▶ [What to work on] The records that follow need to be printed exactly. Leave out each image.

▶ [Records for this task]
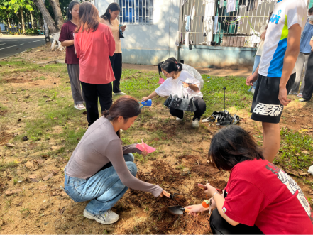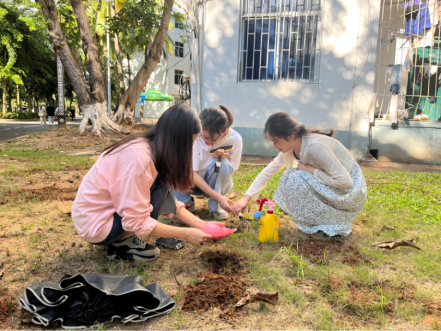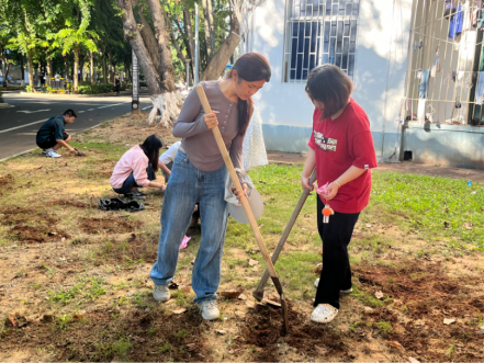 2022年11月27日下午,由青云书院学生自主管理委员会组织的“植庭前新芽,待满园春色”花卉种植活动在yl6776永利集团海甸校区7栋寝室楼前的草坪上顺利举行。
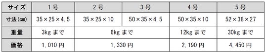 ※上記の表の寸法と重量のいずれか大きい方のサイズを適用します。
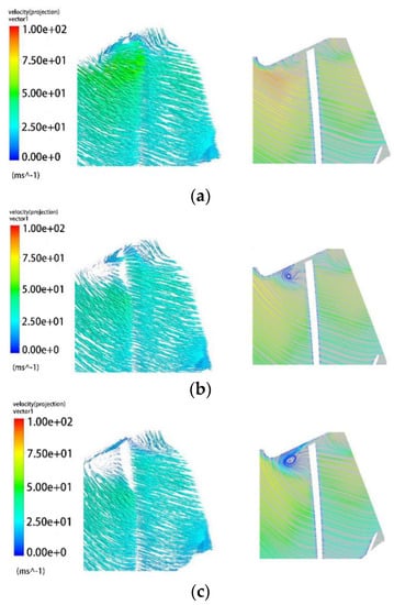 The velocity and streamline distribution of the impeller corresponding to the position indicated in Figure 13 with eccentricities of 10%, 30%, and 60% are described in Figure 14. It is obvious that the downward eccentricity of the impeller leads to the increase of the leakage at the clearance of the upper part of the impeller. The airflow from the pressure surface to the suction surface at the clearance of upper part of the impeller increases, and the size and range of the leakage vortex increases, as the eccentricity increases.
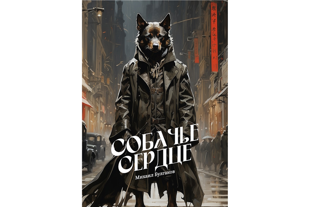 Нейросеть предложила несколько сюжетов для оформления альтернативной обложки «Собачьего сердца», на основе которых Кир Витковский — основатель, идеолог и СЕО онлайн-сервиса автоматической вёрстки печатных и электронных изданий «Метранпаж» — сформулировал запрос на русском языке, уместившийся всего в одно предложение. «Злая и агрессивная антропоморфная собака в кожаном плаще, стоящая на фоне динамичной улицы 1925 года», — таким был представлен образ, заданный нейросети и воплощённый в оригинальной обложке с элементами постапокалипсиса в китайском квартале.
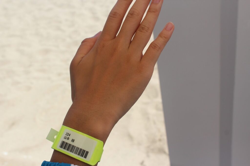 But at the Japan International Open Water Swimming Association events, bar codes are used. The bar codes are attached at the wrist and then scanned at the end of the race. The position, by gender and age-group, is then tied to the each swimmer and their specific times.
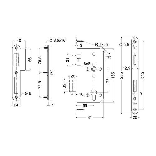 Zadlabací zámok s certifikátom na 500 000 cyklov otvorenia, čierna
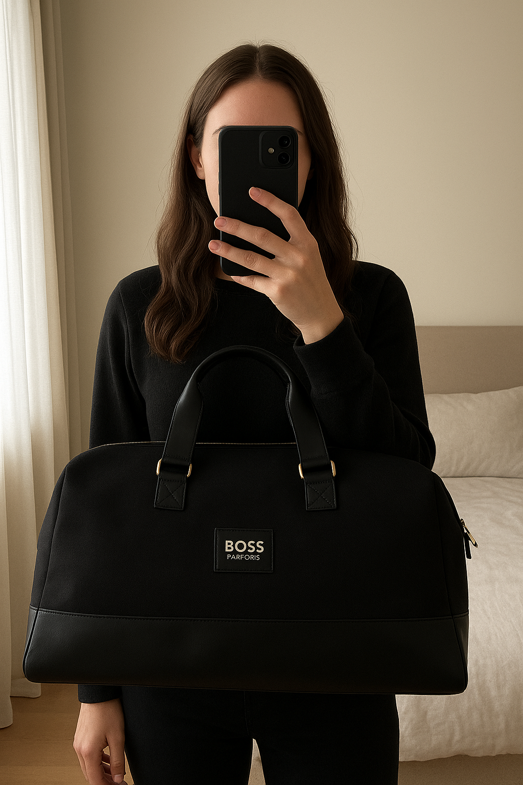 Mala Boss em pé, de frente para a câmera, em um quarto com iluminação suave e luz natural filtrando pela janela.
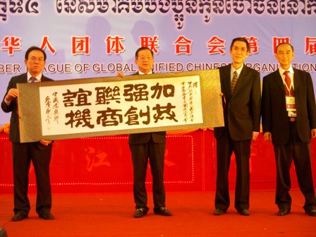 會議期間,中國僑聯(lián)代表團與中國駐柬埔寨大使張金鳳及柬華理事會會長、籌委會主席楊啟秋,柬華人參議員劉明勤、徐光秀,洪森總理顧問方僑生等著名僑領(lǐng)進行座談。代表團利用這個機會向僑胞們介紹了中國僑聯(lián)的立會宗旨、組織情況和工作內(nèi)容,并表達(dá)了要加強與柬華社會聯(lián)系、更好為僑胞服務(wù)的愿望。
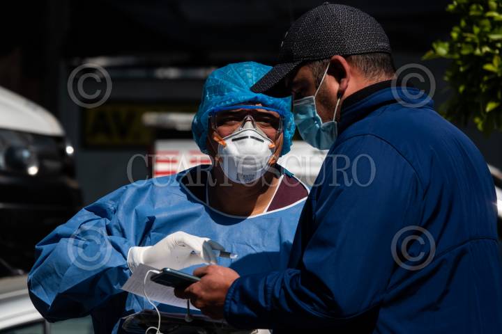 Personal médico durante toma de muestra para la detección dé COVID-19.
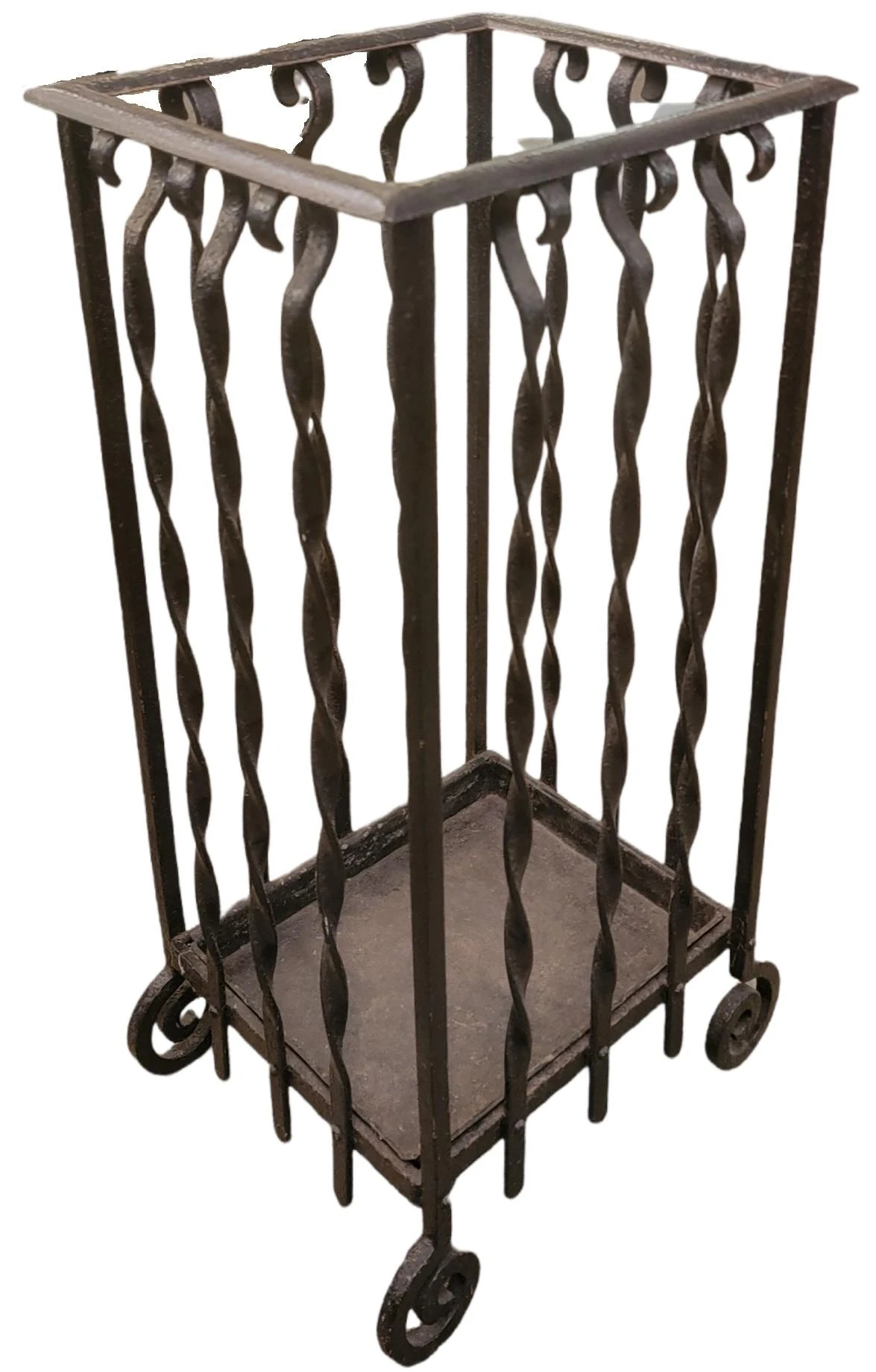 Antique early 20thc Cast Iron Planter/ Umbrella Holder with removable tray at the bottom of the holder. This item has …
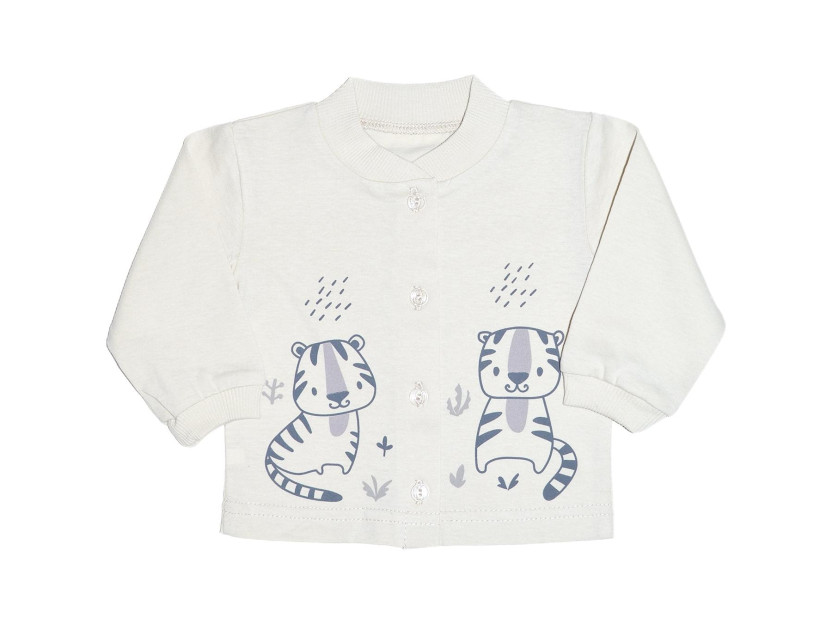 Кулирное полотно: 100% х/б. Кофточка-застежка центральная по переду на кнопки(пуговицы).Рукав длинный.Горловина,низ рукава обработаны ластиком.Низ изделия подшит.Перед с печатью.

▶ [Reply]
 2022年11月27日下午,由青云书院学生自主管理委员会组织的“植庭前新芽,待满园春色”花卉种植活动在yl6776永利集团海甸校区7栋寝室楼前的草坪上顺利举行。
 ※上記の表の寸法と重量のいずれか大きい方のサイズを適用します。
 The velocity and streamline distribution of the impeller corresponding to the position indicated in Figure 13 with eccentricities of 10%, 30%, and 60% are described in Figure 14. It is obvious that the downward eccentricity of the impeller leads to the increase of the leakage at the clearance of the upper part of the impeller. The airflow from the pressure surface to the suction surface at the clearance of upper part of the impeller increases, and the size and range of the leakage vortex increases, as the eccentricity increases.
 Нейросеть предложила несколько сюжетов для оформления альтернативной обложки «Собачьего сердца», на основе которых Кир Витковский — основатель, идеолог и СЕО онлайн-сервиса автоматической вёрстки печатных и электронных изданий «Метранпаж» — сформулировал запрос на русском языке, уместившийся всего в одно предложение. «Злая и агрессивная антропоморфная собака в кожаном плаще, стоящая на фоне динамичной улицы 1925 года», — таким был представлен образ, заданный нейросети и воплощённый в оригинальной обложке с элементами постапокалипсиса в китайском квартале.
 But at the Japan International Open Water Swimming Association events, bar codes are used. The bar codes are attached at the wrist and then scanned at the end of the race. The position, by gender and age-group, is then tied to the each swimmer and their specific times.
 Zadlabací zámok s certifikátom na 500 000 cyklov otvorenia, čierna
 Mala Boss em pé, de frente para a câmera, em um quarto com iluminação suave e luz natural filtrando pela janela.
 會議期間,中國僑聯(lián)代表團與中國駐柬埔寨大使張金鳳及柬華理事會會長、籌委會主席楊啟秋,柬華人參議員劉明勤、徐光秀,洪森總理顧問方僑生等著名僑領(lǐng)進行座談。代表團利用這個機會向僑胞們介紹了中國僑聯(lián)的立會宗旨、組織情況和工作內(nèi)容,并表達(dá)了要加強與柬華社會聯(lián)系、更好為僑胞服務(wù)的愿望。
 Personal médico durante toma de muestra para la detección dé COVID-19.
 Antique early 20thc Cast Iron Planter/ Umbrella Holder with removable tray at the bottom of the holder. This item has …
 Кулирное полотно: 100% х/б. Кофточка-застежка центральная по переду на кнопки(пуговицы).Рукав длинный.Горловина,низ рукава обработаны ластиком.Низ изделия подшит.Перед с печатью.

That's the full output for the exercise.